“To sleep, perchance to dream”

I have always been a prolific dreamer. And in this case, I’m not referring to hopes for my future, although I’ve got an abundance of those as well. I’m talking about the kind you have while sleeping. I’ve always been a person who dreams very vivid dreams and I almost always remember them. I’ve always been fascinated with my dreams and the reasons behind what I dream and why I dream have always been of interest to me. I know there are a million thoughts and theories about why we dream and if those dreams mean anything.

My personal belief on the subject changes frequently.
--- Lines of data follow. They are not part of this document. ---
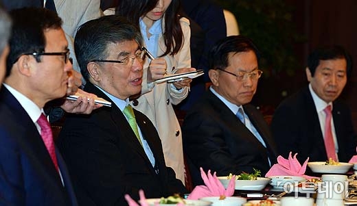 김중수 한국은행 총재가 22일 오전 서울 중구 남대문로 한국은행 본관에서 열린 ‘2013년 5월 금융협의회’에서 시중 은행장들과 이야기를 나누고 있다. 방인권 기자 bink7119@
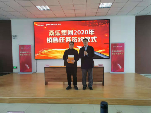 會議第二個環(huán)節(jié)是年度優(yōu)秀表彰環(huán)節(jié),董事長逐個為年度先進標兵和技術創(chuàng)新團隊頒獎,馮總,副總經理總廠廠長趙中強,總經理助理遲立群,總經理助理國升分別為優(yōu)秀員工頒獎。會議的第三個環(huán)節(jié),董事長同各銷售單位簽訂了2020年銷售任務書,通過全年銷售任務、零售任務、招商任務、重點品類銷售任務的簽約,集團全體人員目標清晰團結一致,共同向全面完成2020年集團任務吹響了沖鋒的號角。
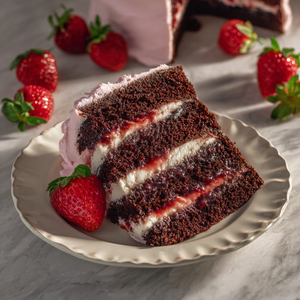 This cake is perfect for birthdays, anniversaries, Valentine’s Day, baby showers, or any celebration that calls for something elegant yet comforting. The combination of deep cocoa flavor and sweet strawberry filling creates a balanced dessert that feels both indulgent and refreshing.
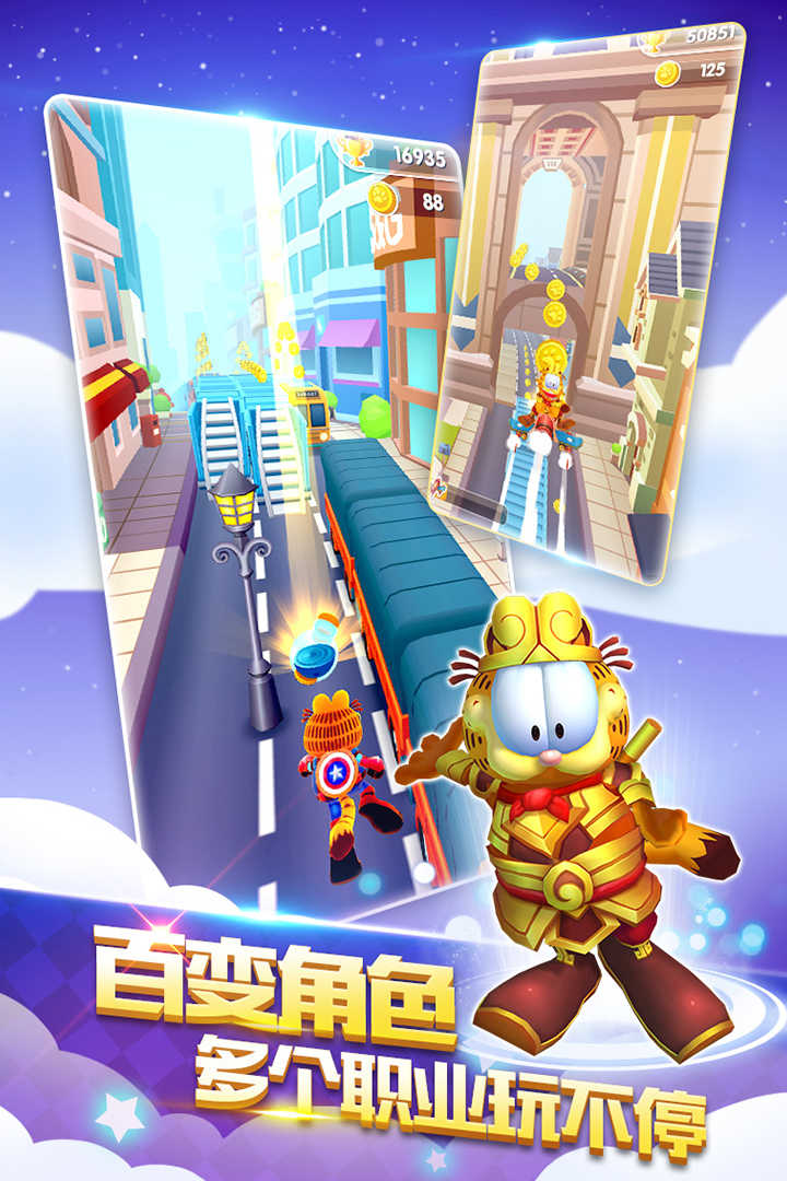 我的加菲猫破解版是一款趣味性十足的动作跑酷类手机游戏,游戏采用3D引擎打造,为玩家们呈现出了更具有代入感的画面场景,游戏中,玩家将跟随耍贱卖萌的加菲猫一起跑酷,凭借简单的操作以及伙伴间合理的搭配来完成更多的挑战,游戏现已破解,可让玩家拥有无限钻石和金币解锁更多游戏内容。
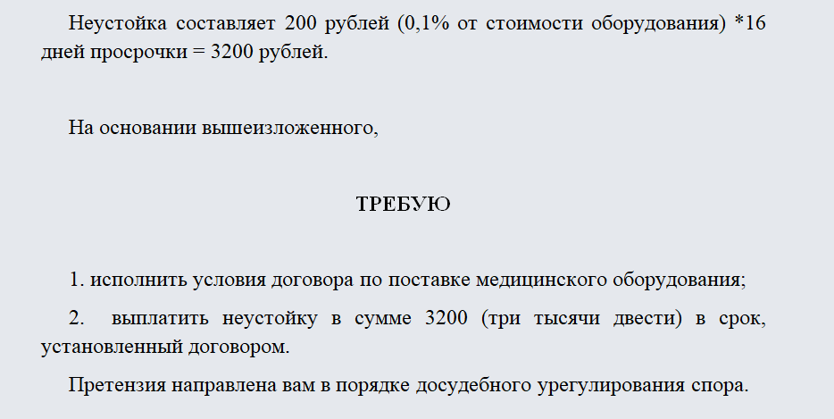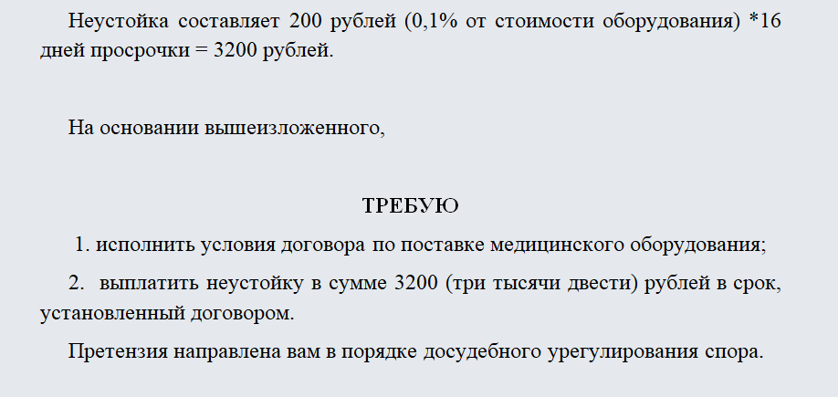 - собственно требования с указанием длительности просрочки и вычисленной по ней общей суммы просрочки. По желанию можно включить в текст и саму процедуру математического расчета;
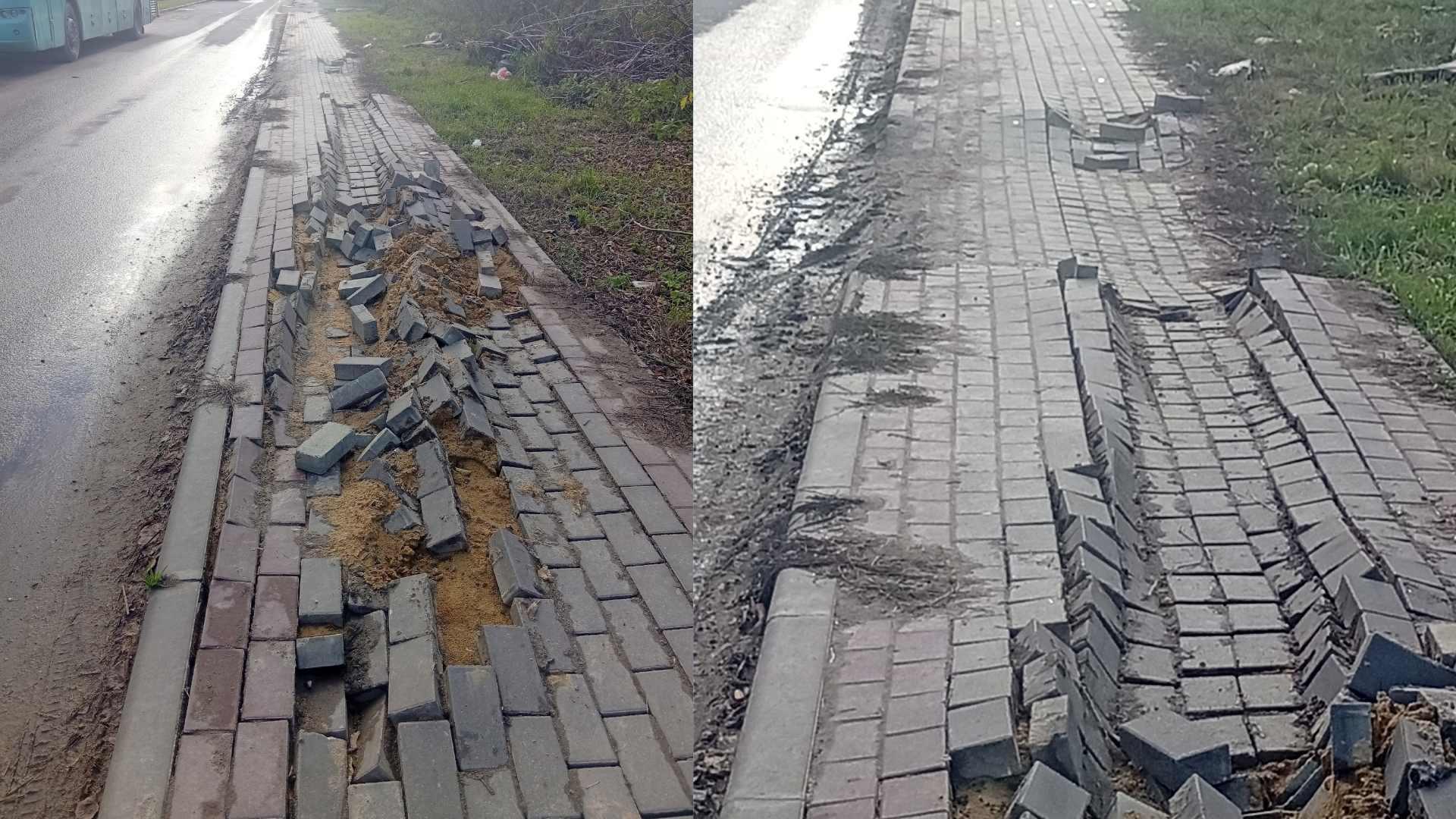 В Орле в районе Наугорского шоссе идет активная застройка – грузовые машины ездят не только по проезжей части, но и по тротуарам. Плитка на пешеходной дорожке не выдерживает такой и нагрузки и идет волнами.

I’d like to believe they’re meaningful – but I guess I don’t really know. Sometimes my dreams are bizarre and unexplainable. But for the most part, I can look at things going on in my life and things I’ve been thinking a lot about lately and kind of figure out why particular things were in my dreams.
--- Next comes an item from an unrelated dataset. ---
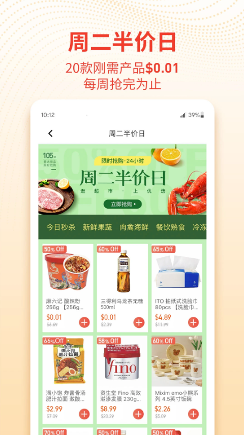 核心功能包括每日精选商品推荐、实时更新的优惠活动、个性化购物清单以及便捷的比价工具。消费者可通过简洁的操作浏览海量商品,享受一站式的购物服务,覆盖从日常生活用品到时尚潮流单品的广泛需求。在服务体验上,支持多种支付方式与灵活的配送服务,尤其注重配送时效,承诺当天下单可在24小时内到货,以保障食材的最佳食用时间。对于满足一定金额的订单,还提供免费配送服务。
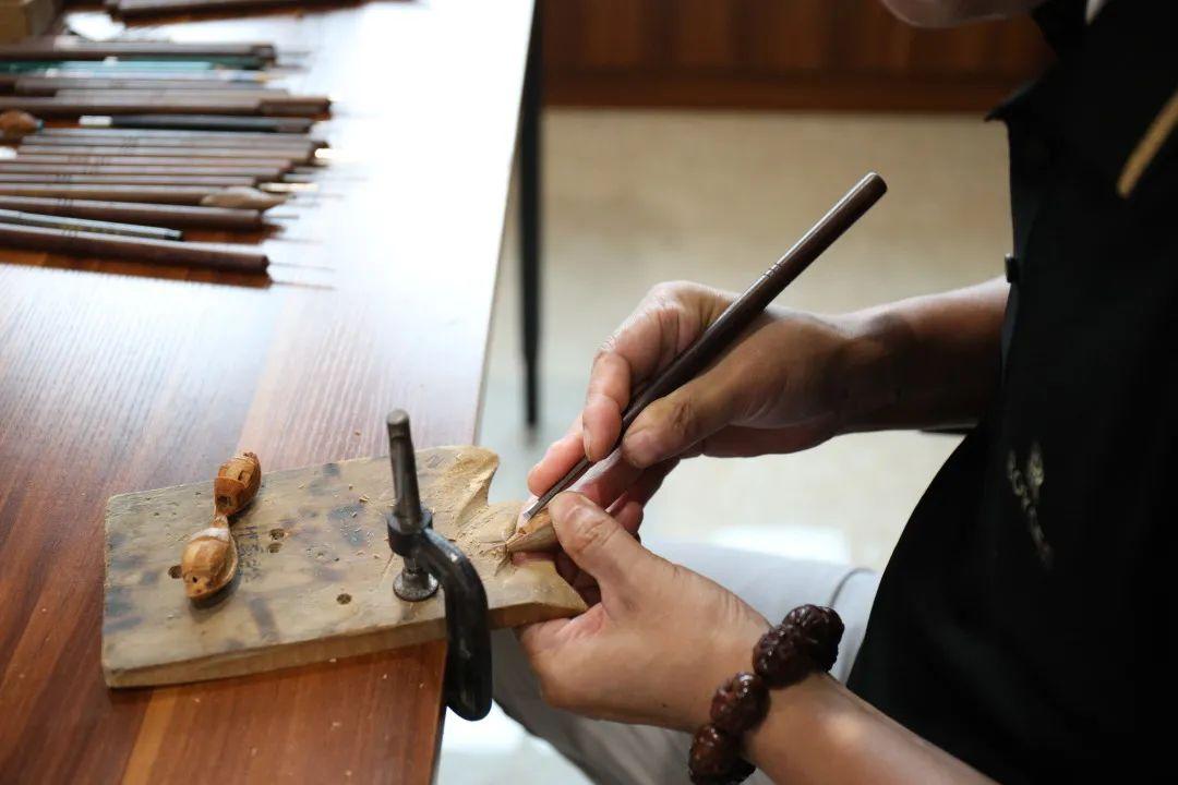 从收料选料到构思、选定题材,再到细节刻画、打磨等程序,一个作品的完成短则几周,长则数月、数年,一件复杂的作品后期还要经过多次修改,一枚小小的榄雕承载着的是雕刻家夜以继日一刀一划的手工创作。

For instance, I’ve had one reoccurring dream for as long as I can remember. In the dream, I’m getting married. I’m walking down the aisle and a sea of blurry faces are watching me as I stride confidently towards my groom. His back is turned at first but then he turns around and his face is a blurred, black smudge. I can’t see who it is. The details change, sometimes I recognize guests. My dress and flowers will often be different. But the basic premise of the dream is always the same. To me, this dream is pretty cut and dry. I want to get married, I want my life to go in that direction – but I have no idea who I’ll marry, if anyone – so the mystery remains. Sometimes, this dream makes me profoundly sad. Other times, hopeful.

Not only are my dreams usually vivid, but they are almost always connected to strong emotion. I’ll wake up after a dream feeling sad, happy, scared, joyful, etc.. Whatever the main emotion of the dream. Sometimes I wake up smiling or laughing out loud. Sometimes I wake up actually crying. A few times I’ve woken up truly sobbing. It’s always so bizarre to be in such a heightened emotional state without any conscious effort.

Lately I’ve been dreaming a lot about death. I had a terrifying, sorrowful dream about the death of my mother (who is alive and well in real life) and woke up sobbing and crying. I was in such a funk when I woke up it took practically the entire day for me to shake the emotions.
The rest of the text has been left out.